# next friday



## luv fishing (Mar 5, 2009)

So will you guys be going out rain or shine I seen the weather and it said 60 percent chance


----------



## longhaulpointer (Mar 12, 2009)

gotta work fri and sat, but i'll hit it hard sun


----------



## TomC (Aug 14, 2007)

I'm off wed,thurs,fri,sat and sun. The dogs are ready to go, springvalley and the creek here i come. Got two full days of deer hunting, followed by three days of morning and afternoon bunny and birds and then good full evening of deer hunting. BOO YAH!

Rain or shine. Hot or cold, aint no fair weather hunter here.


----------



## BuckeyeHunter (Nov 5, 2008)

I'll be out regardless of weather on Fri morning as well as Sat and Sun.


----------



## littleking (Jun 25, 2005)

we will be doing the pheasant opener lunch at deer creek!


----------



## BigDub007 (Apr 1, 2010)

I hunt public that is not stocked and only locals go to I cant wait its kinda around central ohio too ......I am glad there are no maps lol more pheasent for me !!!


----------



## claytonhaske (Apr 16, 2010)

TomC said:


> Rain or shine. Hot or cold, aint no fair weather hunter here.

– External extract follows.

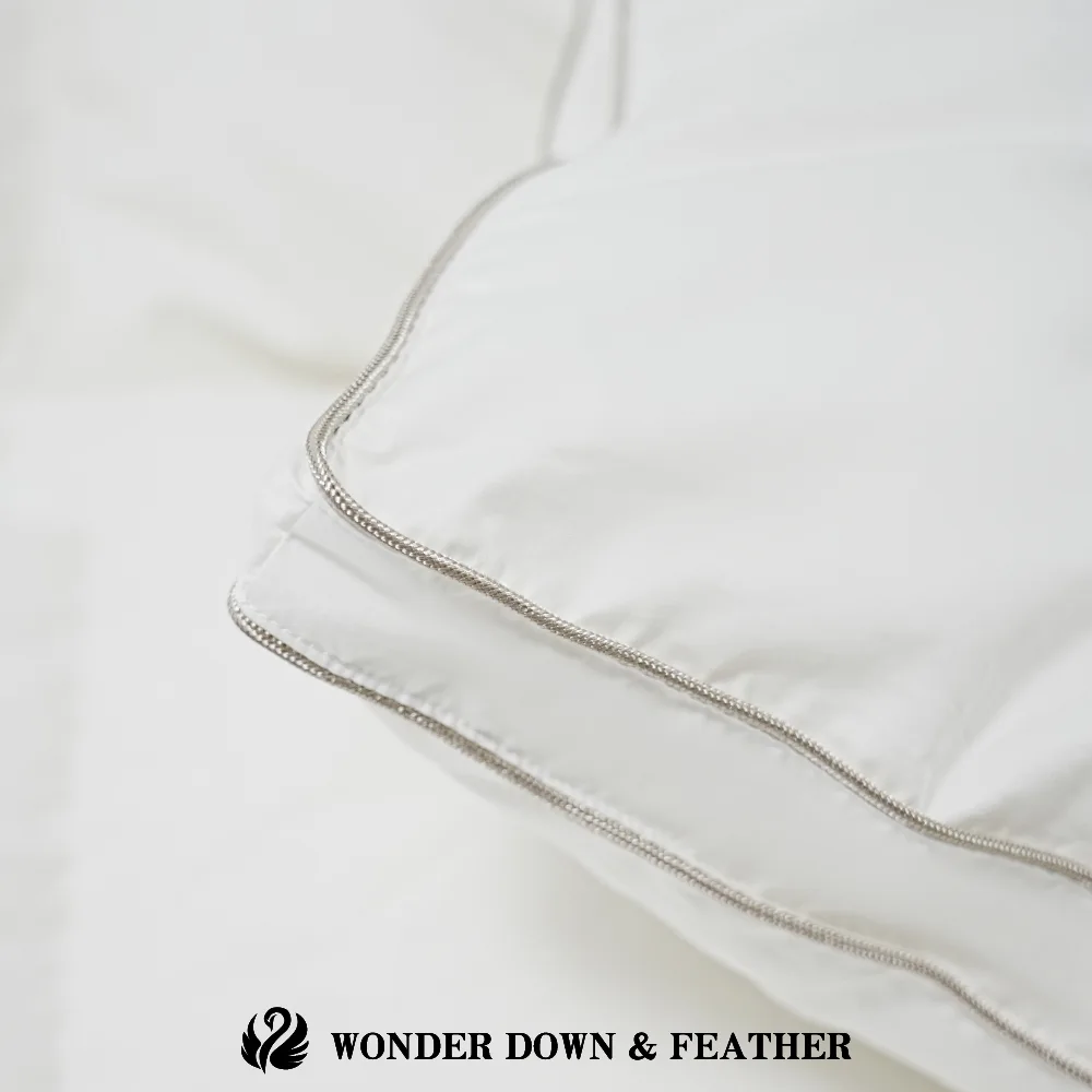 Elevate the sleep experience with our Premium Box-Stitch White Goose Down Duvet, designed for those who seek the ultimate in warmth and luxury. This duvet features a sophisticated box-stitch baffle wall construction with a pronounced dual-piping design. This engineering creates three-dimensional compartments that are generously filled with more premium white goose down than standard models.

same here, i will be going friday, saturday, and sunday mornings. i have a 2 year old gsp that kinda knows what shes doing, and i use kinda loosly. lol, she put em in the air for me last year, so i am hoping for the best.


----------



## wright7414 (Mar 30, 2007)

This is my first year pheasant hunting and was wondering if anyone had any advice on deer creek or Delaware lake.... how crazy does it get out there and is if worth going on opening morning or is it better to wait and let calm down some before heading out? Thanks in advance for the advice.


----------



## longhaulpointer (Mar 12, 2009)

BigDub007 said:


> I hunt public that is not stocked and only locals go to I cant wait its kinda around central ohio too ......I am glad there are no maps lol more pheasent for me !!!


theres maps, the odnr just doesn't advertise them. more than locals hunt them and they get harder than you would think. most people just go for the releases, but more than you think go to the "secret" public areas.


----------



## longhaulpointer (Mar 12, 2009)

deer creek is a large area, after opening day i rarely see anyone. i never go on opening day however so i can't help you there.


----------